Conversely, dismissing the necessity of money is a luxury of the naive. In modern society, money acts as a "resource buffer." It provides the security required to foster love effectively. If an individual is consumed by the physiological anxieties of hunger, homelessness, or lack of healthcare, the cognitive bandwidth required to nurture deep emotional relationships is severely diminished.

Abraham Maslow’s "Hierarchy of Needs," detailed in his foundational work Motivation and Personality, provides a clear map for this reality. Maslow posits that physiological and safety needs form the base of the pyramid. Until these are met, an individual struggles to reach the higher tiers of "belongingness and love." In this sense, money is not the goal, but the foundational infrastructure. It is the tool that removes the friction of survival, allowing individuals to pursue higher-order connections. The key, however, is the distinction between "enough" and "excess." Once an individual reaches a threshold of financial stability—often cited in studies by economists Daniel Kahneman and Angus Deaton as roughly $75,000 to $95,000 in annual income (adjusted for inflation)—the marginal utility of additional money toward emotional well-being drops significantly.
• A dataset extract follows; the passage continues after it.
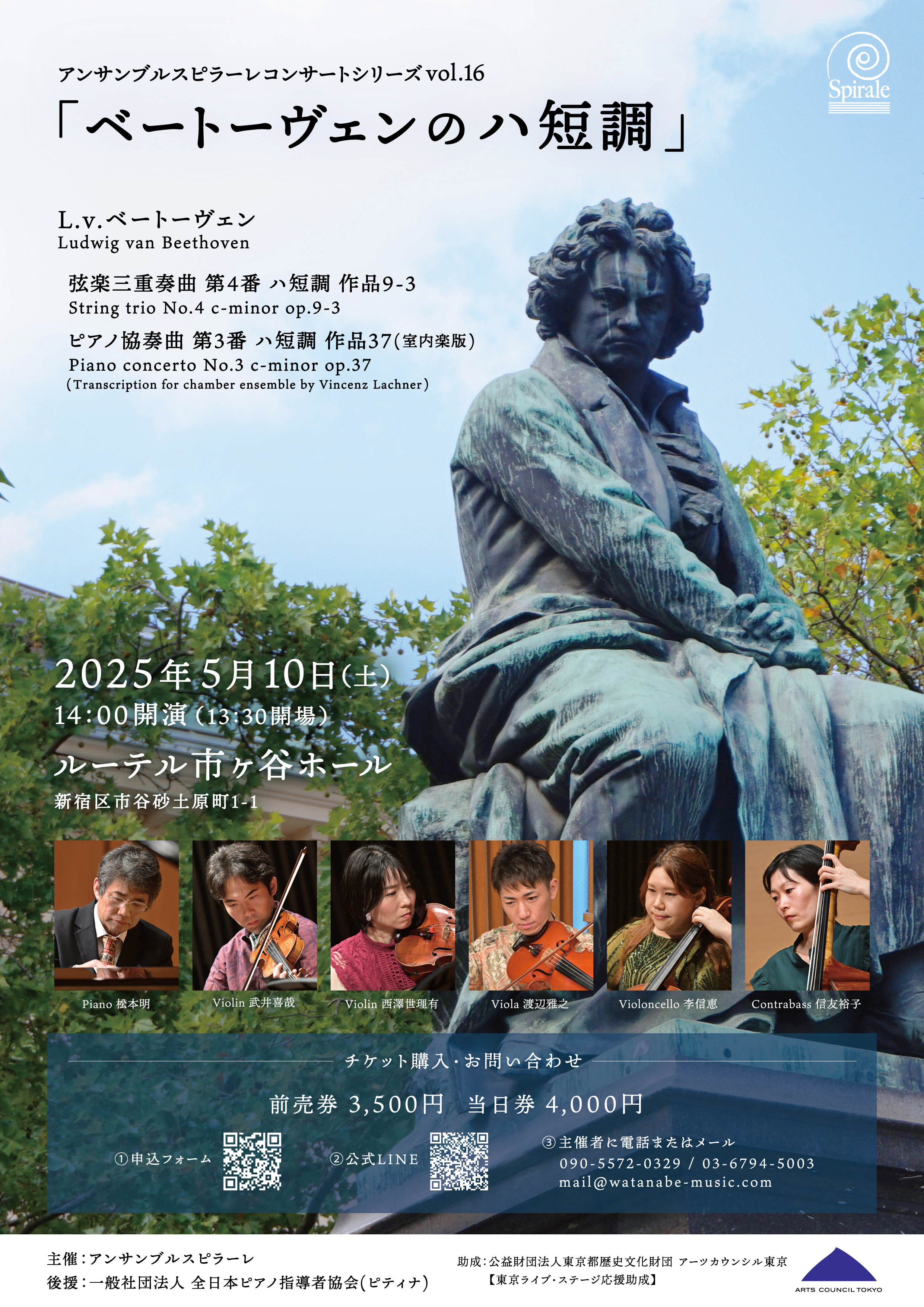 本公演は『アンサンブルスピラーレ コンサートシリーズvol.16「ベートーヴェンのハ短調」』として、クラシック音楽の魅力を存分に味わえるプログラムをお届けします。

The Synthesis: Integrating Utility and Intimacy

The conflict arises when individuals treat these two elements as mutually exclusive. The most successful lives are built on a hierarchy of values rather than a binary choice.
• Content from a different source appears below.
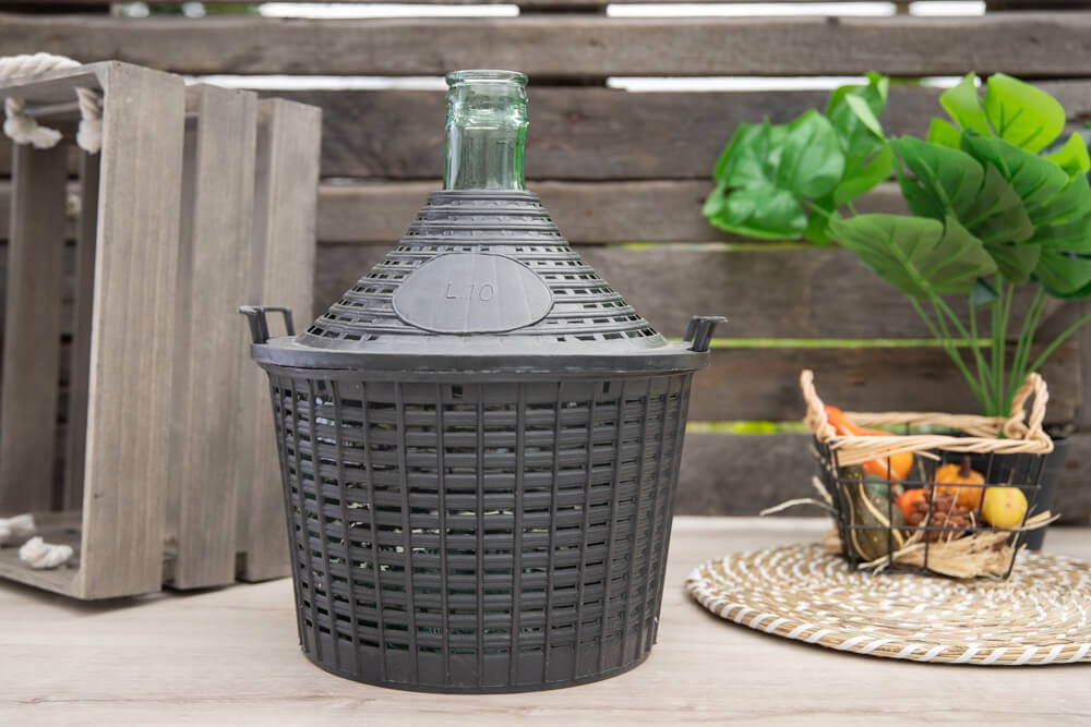 - 20-литровый баллон в корзине, безусловно, является самой распространенной и проверенной посудой для брожения вина, ликеров, меда или пива в домашних условиях. Благодаря специфической форме баллона в него можно удачно поместить определенное количество начинки, при этом имея возможность плотно закрыть его благодаря зауженному горлышку

Consider the "Four Pillars of a Meaningful Life" as articulated by psychologist John Gottman in The Seven Principles for Making Marriage Work. Gottman illustrates that while financial disagreements are a leading cause of divorce, they are rarely about the money itself; they are about the lack of shared values and emotional security. When money is prioritized over love, relationships become transactional. This leads to what psychologist Barry Schwartz calls the "Paradox of Choice" in his book of the same name; when we treat people like commodities to be optimized, we lose the ability to appreciate the intrinsic, non-quantifiable value of human presence.

To strike the balance, one must follow the principle of "Financial Stewardship for Relational Ends." This means:

  • Establish a baseline of security: Prioritize the acquisition of enough capital to eliminate chronic stress, which is the primary antagonist of love.
  • Define the ceiling of greed: Recognize when the pursuit of wealth begins to cannibalize the time and energy required for relationships.
  • Invest in shared experiences: Use financial resources to create memories rather than accumulate static assets, as experiential consumption has been proven by researchers like Thomas Gilovich to lead to more lasting happiness than material purchases.
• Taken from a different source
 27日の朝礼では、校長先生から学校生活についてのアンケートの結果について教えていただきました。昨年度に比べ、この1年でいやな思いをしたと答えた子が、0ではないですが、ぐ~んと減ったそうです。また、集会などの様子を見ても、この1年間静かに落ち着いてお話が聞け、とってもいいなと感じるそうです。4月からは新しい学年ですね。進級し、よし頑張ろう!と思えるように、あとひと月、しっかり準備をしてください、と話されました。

Conclusion: The Hierarchy of Value

Ultimately, love must come first in terms of priority, while money must come first in terms of logistical planning. Love is the "why" of human existence, while money is the "how."

If you choose money first, you may find yourself with a fortress of assets but no one to share them with—a state of "poverty of the soul." If you choose love without any regard for the reality of your financial situation, you risk creating a volatile environment where the stress of survival eventually erodes the very love you sought to protect. The most authoritative conclusion drawn from both psychological science and historical philosophy is that money should be treated as a servant to the life you are building, while love should be the architect that dictates how that life is lived. By placing love as the ultimate goal and money as the essential, managed tool, you align your existence with the conditions necessary for true, sustainable human flourishing.

Ask First can make mistakes. Check important info.